Have you ever come across those tasks or jobs where at first when applying and getting into it, you were excited and so worked about it. All that energy and planning to give it your best shot, counting up to those days where you can finally start doing that task or job but then as soon as that day arrives, you find yourself backing out of it. You start to have second guesses, you begin to doubt yourself and feel worthless in yourself. You blame yourself for not being up to it and what not.

Why does that feeling emerge?

Our university is planning to do podcasts and they have topics that I am really interested and keen to do, I sogned up for it and everything and now there is a meeting to attend as to see how it all goes and now I am nervous and I wish to back out of it.

I have been having that feeling with some of the tasks that I have been recently doing and been wanting to do. With my internship, I just feel it’s endless. At the start, I was so hyped, excited and happy and now it just feels exhausting and I can’t wait for the day it gets over. It feels rewarding to help the students but somewhere I know this is not what I find myself doing in the future, helping students yes, but not in the traditional way these schools teach, in my own way. Through this, I learn more and more, so in a way, I am happy but then exhausted and nervous when the day arrives when I have to go to school and teach.

I remember when I applied, passed the interview and got into it, I was so sure and happy but now I question myself; “Is it too late to back out”, ” Do you really want to do this?” With all these overwhelming doubts and insecurities about myself and me thinking of being a quitter, this is the time where pep talk comes into play.

The only way I can keep going and not quit because of the nerves that I feel overtake me is by saying these thing over and over again, ” You are not a quitter, don’t quit, you are not that person, you can do it, it’s just a few more days, don’t make the world think you are a quitter, this is for the future, this is worth it.”

That pep talk then pushes me to do it, it helps a lot; but why do those feelings emerge in the first place forcing me to give the pep talk?

Is it because I do not want to work? Is it because this is not what my heart desires? Is it because of the thought of facing other people make me anxious and nervous? Is it because I am not happy? Maybe all of them are right.

So what to do in situations like these?

It differs from different people, each of their mind sets and aspirations are different. Here is what I do.

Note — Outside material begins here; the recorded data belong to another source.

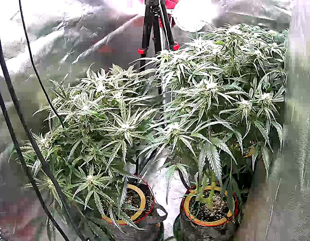Третья неделя, и девочки чувствуют себя просто превосходно. Они переехали в горшки по 20 литров, и я сделал LST. Все идет отлично, никаких проблем. Горшки подключены к автополиву, все также получают по три порции “компота” в сутки. На этой неделе довел ppm до 600 и немного снизил влажность, до 60 %. Забыл упомянуть, что в боксе стоят автоматический увлажнитель и вентилятор для обдува. А также установлена камера, которая постоянно снимает кустики. Вообще, весь бокс у меня автоматизирован, и я могу контролировать всё дистанционно. Что касается полива, то кусты получают примерно по 1,5 литра в сутки.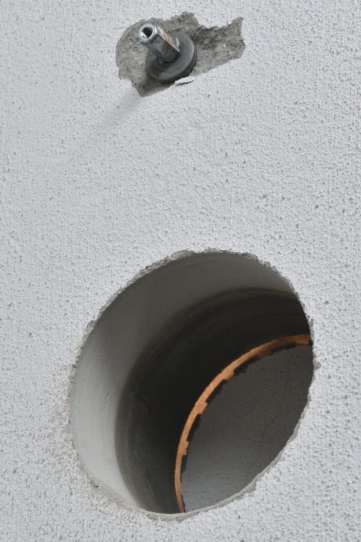 煙突貫通部分はRCではなくブロック作りのためアンカーが効かないので機械固定用の通しボルトの穴を貫通部分の上に開けている。作業完了後にコーキングでふさぐことになる。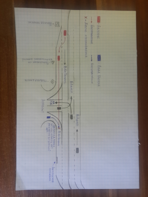 всем привет. друг попал в дтп. выезжал на калине на полосу разгона (синий). автобус (красный) перестроился на полосу торможения, и игнорируя разметку, проехал прямо, через островки и влетел в калину. гайцы говорят об обоюдке. может кто что посоветует? есть вариант доказать невиновность водителя калины?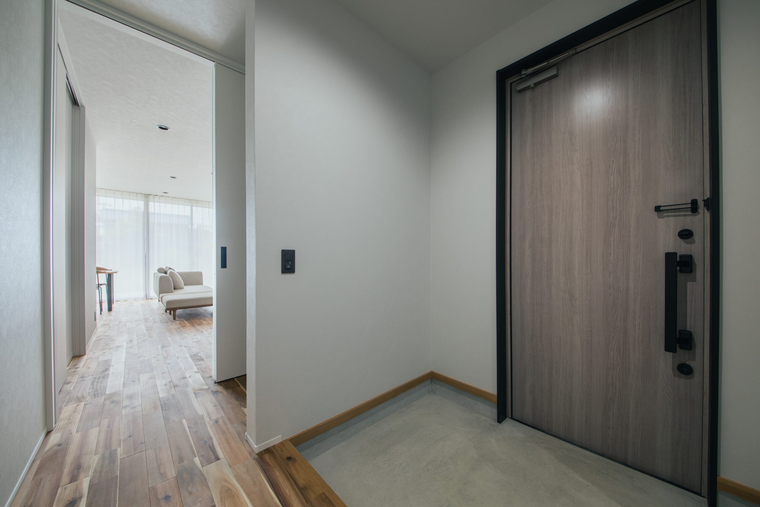 36坪4LDK、2階建ての高性能住宅を2,990万円で実現。C値0.3、UA値0.43のHEAT20 G2レベルをクリアした高気密・高断熱設計で、一年中快適な室内環境を保ちながら、シンプルでモダンなデザインを追求しました。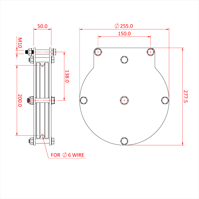 Komplett mit Kugellagern, profiliert für Stahlseile und bereit zur Aufnahme einer unserer Befestigungsarten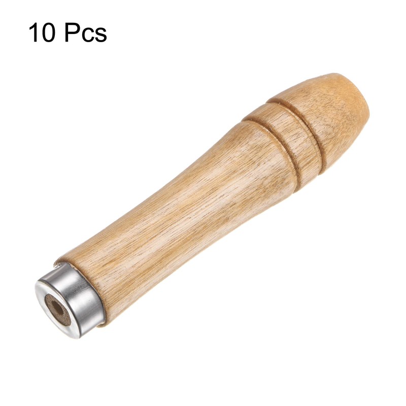 sourcing map 10pcs Wooden File Handle 3.54 Inch Round Hole Ergonomic Handles with Metal Collar for 4" - 6" Metal Files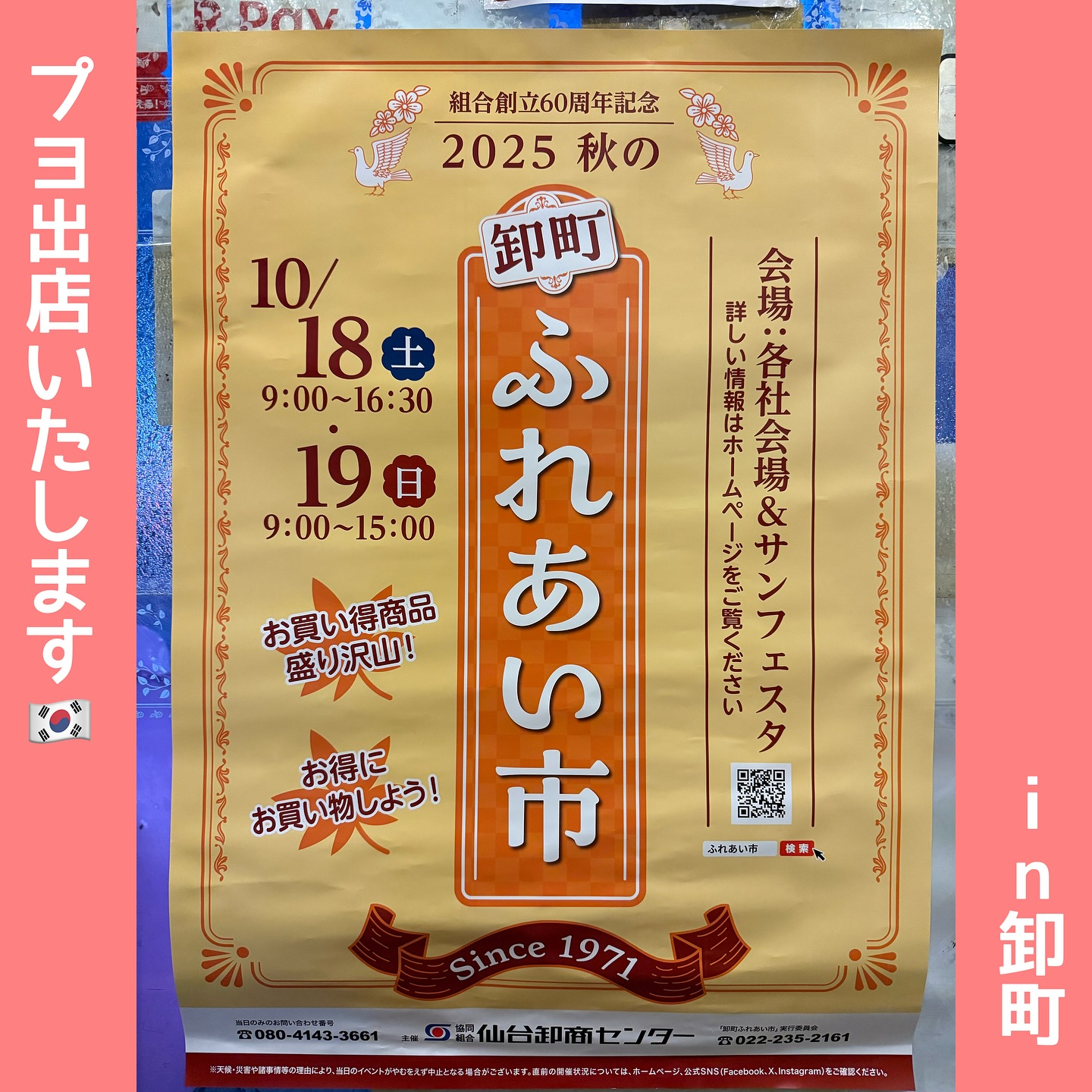 안녕하세요:)안녕하세요:) プヨ東口店です! 卸町で開催される が 今週末の10月18日(土)、19日(日)に行われます 人気商品のチヂミや10円パン等揃えて当店も出店いたします 張り切って準備いたしますが、お求めの商品がある場合は […]

  1. I start by calming myself down and also make myself get excited and hyped for the opportunity i have been presented with. I make a list of pros as to how this would benefit me and with each opportunity, I am broadening my future and myself.
  2. Depending on the type of thing I am doing, a few weeks in, I get tired, irritaed and I wish for it to be over as soon as possible. I wouldn’t lie when I say, so many thoughts have crossed my mind of quitting the job I am doing right now, but I push myself not to give up and keep going on. I do not want to be a quitter. I do not want to quit because I am lazy and on the insane amount of hardwork I put into it. I want to push myself to do more because this is what life is. I want to have that sense of accomplishment and that feeling of pride when I complete it.
  3. I push myself more by saying it’s just a matter of few weeks and I can do it. I think about myself, my parent’s happiness and how proud they are of me which keeps me going.
  4. Just a few more to go… It’s all going to be worth it, if not; be glad you did it and you learnt something from it.

But if this isn’t making you happy or you don’t feel yourself comfortable doing it, do not be afraid to quit. At the end of the day, it’s you and your happiness that is at stake, not anyone else’s. You will find what makes you happy and what inspires you, just be patient for that journey and work hard.

So go with your gut instinct, think about it and choose what’s best for you!!